A few weekends ago, MB and I went to the San Diego Wild Animal Park with my SIL and the Banshee Kids. Banshee Boy is 14 months old now, jolly and pudgy with arms and legs as plump as juicy tenderloins. We had a stroller for him, but he likes to be on the move whenever possible, so he was probably out of the stroller more than he was in it.
At one point, we were standing in line to go on the tram that winds through the various valleys where the beasts roam free. Look, there’s a giraffe. Oh, a baby one! Look at that rhino with the weird horn. No, Banshee Boy. Stay in the tram, you know, that kind of thing, complete with a play-by-play commentary from an earnest, sweat-stained biology major from UCSD.
The line was roped off. People jostled in close quarters. Banshee Boy was on the ground, hovering close to his mom. In front of us were two ladies, one of whom had a very … ample bottom.
Which Banshee Boy promptly reached up and grabbed.
Firmly. With both chubby fists.
MB, my SIL, and I — the three adults in the situation — burst out laughing, completely useless and immature. There was so much jostling in the line, I’m not sure the lady even noticed. SIL pulled at BB and barked a feeble “No, BB!” between guffaws but it was too late.

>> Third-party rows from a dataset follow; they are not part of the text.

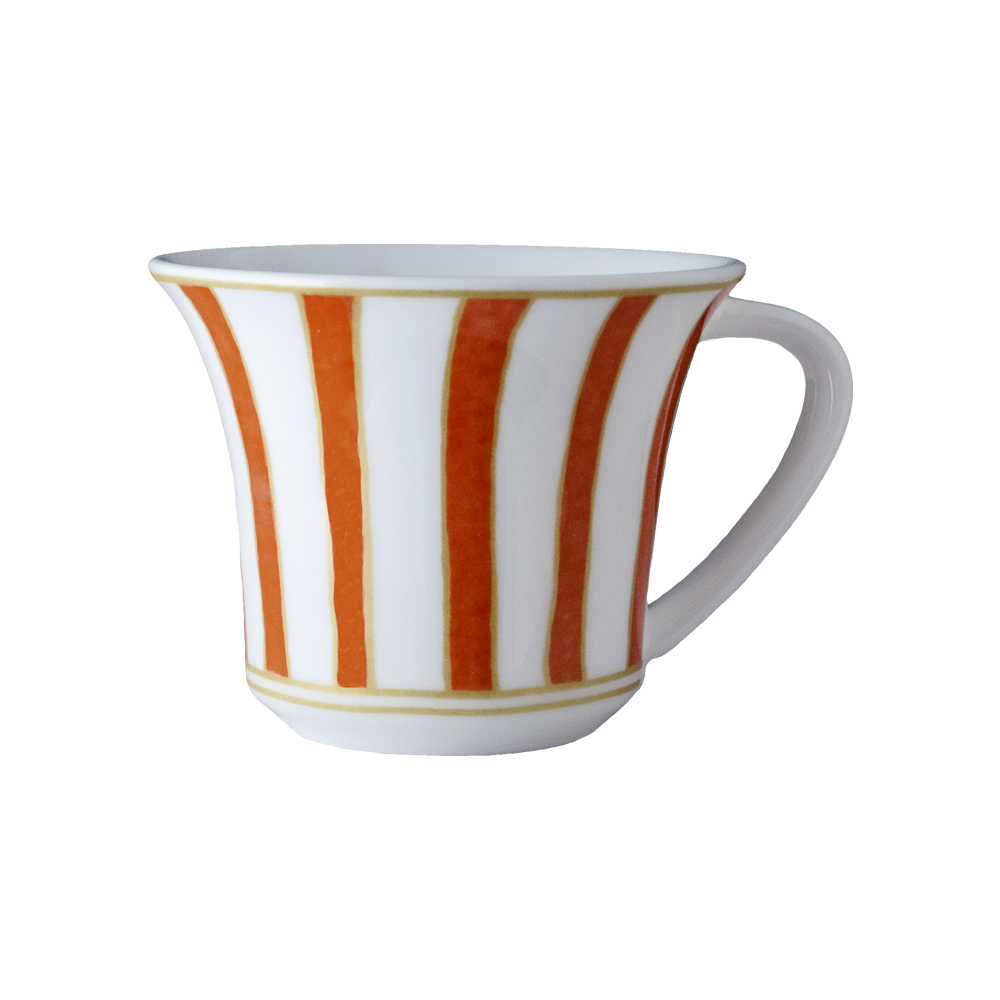 La tazza caffè Striche Arancio e Oro da 110cc è sintesi perfetta di eleganza e innovazione stilistica. Realizzata in bone china, presenta un motivo esclusivo: l'intera superficie esterna è ritmata da fasce verticali arancioni, ciascuna racchiusa fra due sottili linee dorate che ne accompagnano la slanciatura fino al bordo e alla base. Il bianco luminoso tra le strisce crea un contrasto raffinato e dinamico, perfetto per esaltare la ritualità del caffè con un tocco iconico e distintivo ispirato alla grande tradizione Cozzi.
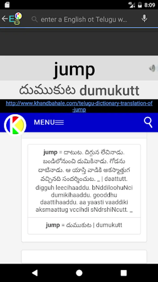 English<>Telugu Bilingual Talking Dictionary : Translate any English word to Telugu & Telugu to English by KHANDBAHALE.COM
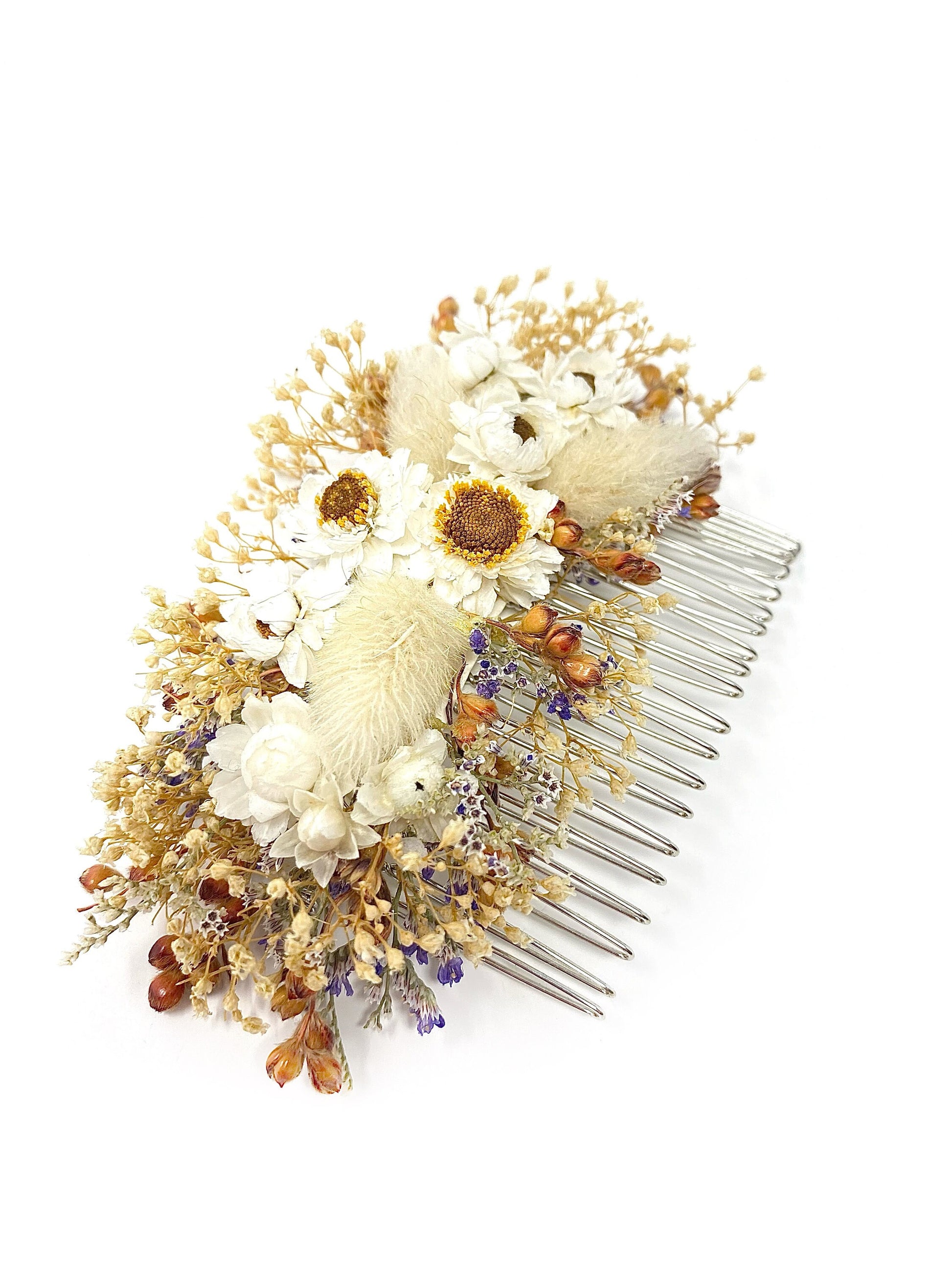Hair Comb, Dried Flowers, Hair Pins, Bridal, Hair Accessories, Wedding Accessories, Ammobium, Bunny Tails, Preserved Floral, Caspia
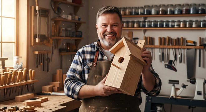 A proud, skilled craftsman with a large belly, smiling with satisfaction as he looks at a piece of woodwork he just finished in his garage workshop.
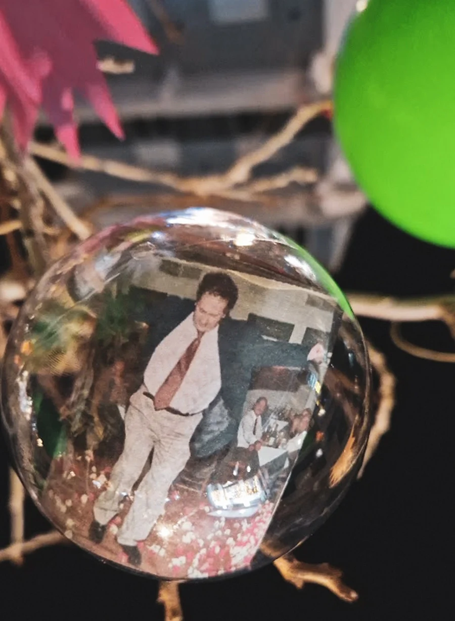 Το δέντρο, ύψους 3 μέτρων, δεσπόζει στο κέντρο της πόλης, φορώντας τα χρώματα του ΠΑΣΟΚ, ενώ στα κλαδιά του «κρέμονται» χαμογελαστοί πρώην υπουργοί, παλιές σημαίες του κόμματος, σήματα της
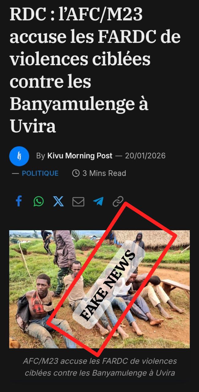 Cette publication est donc trompeuse et s’inscrit dans une narration déjà observée dans l’espace numérique, visant à justifier la présence du M23 et de ses soutiens en présentant l’État congolais comme persécuteur d’une communauté spécifique, sans fondement factuel vérifié.
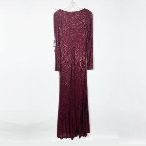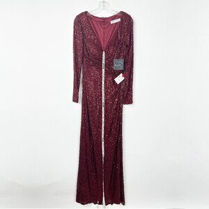 NWT Mac Duggal Sequined Faux Wrap Long Sleeve Column Gown Wine 4
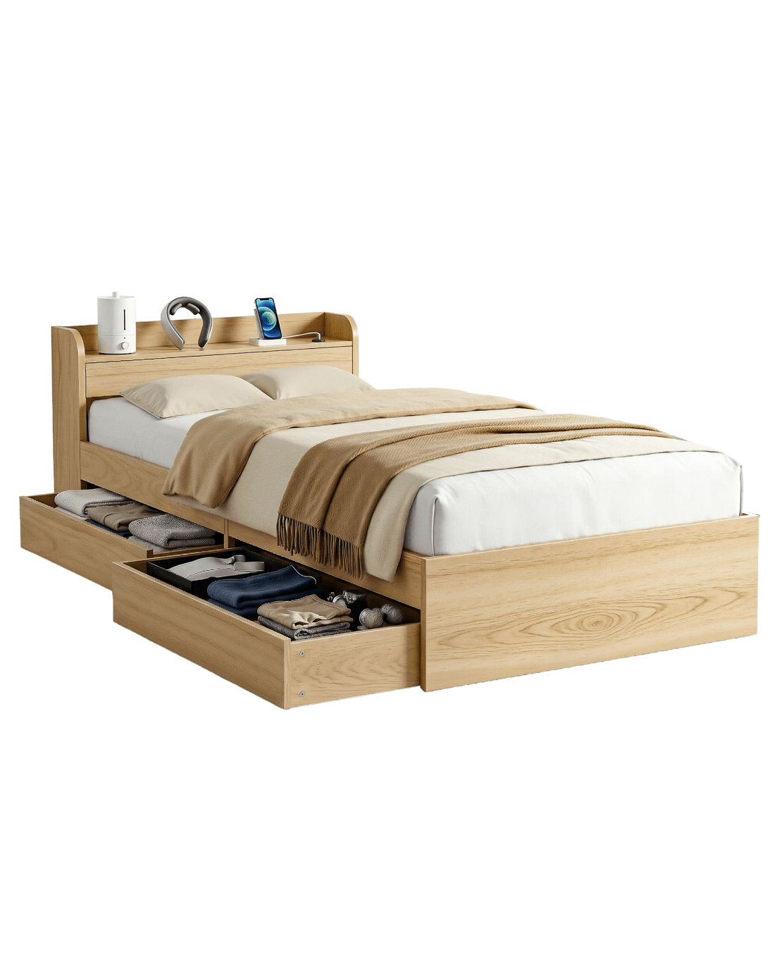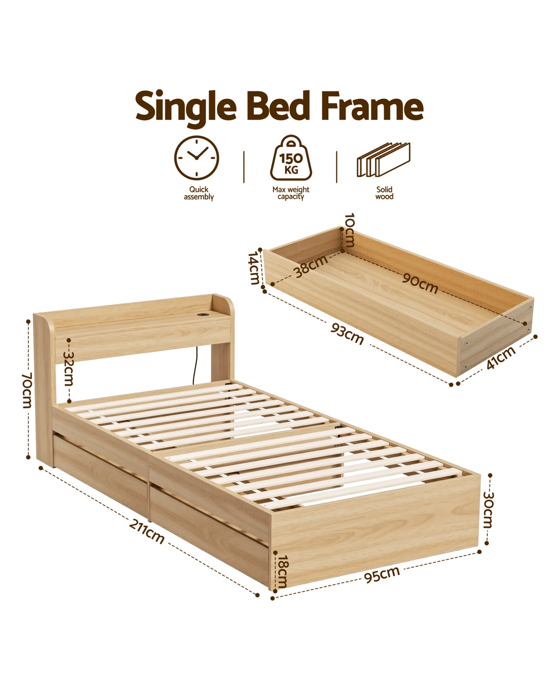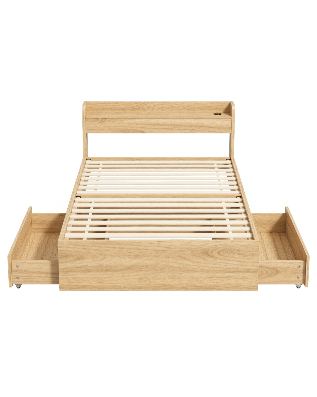 Artiss Single Bed Frame with 2 Storage Drawers Platform Bed Base with USB Ports Sturdy en Slat Support Natural - Black

That boy’s big blue eyes bugged out like he’d had his first hit of crack. Instant addiction.
And a split second later, he grabbed that big ol’ butt again.
Firmly. With both chubby fists.
He was hooked. Helpless.
“NO, BB!” more sternly from my SIL, but the three of us were basically limp with hysterics. MB beamed with pride at his pervy toddler nephew and said, “Yeah! That’s my boy!”
As his fat little hands were pulled away from their fleshy object of desire, I saw a different kind of glow in BB’s eyes. The glow of secret discovery. The gleam of knowing this particular something new was different from all the other somethings new that he experiences nearly every day.
No, this, this was something completely other.
I swear I saw it, flickering in his eyes: The exact moment that touch was forever seared in his memory banks.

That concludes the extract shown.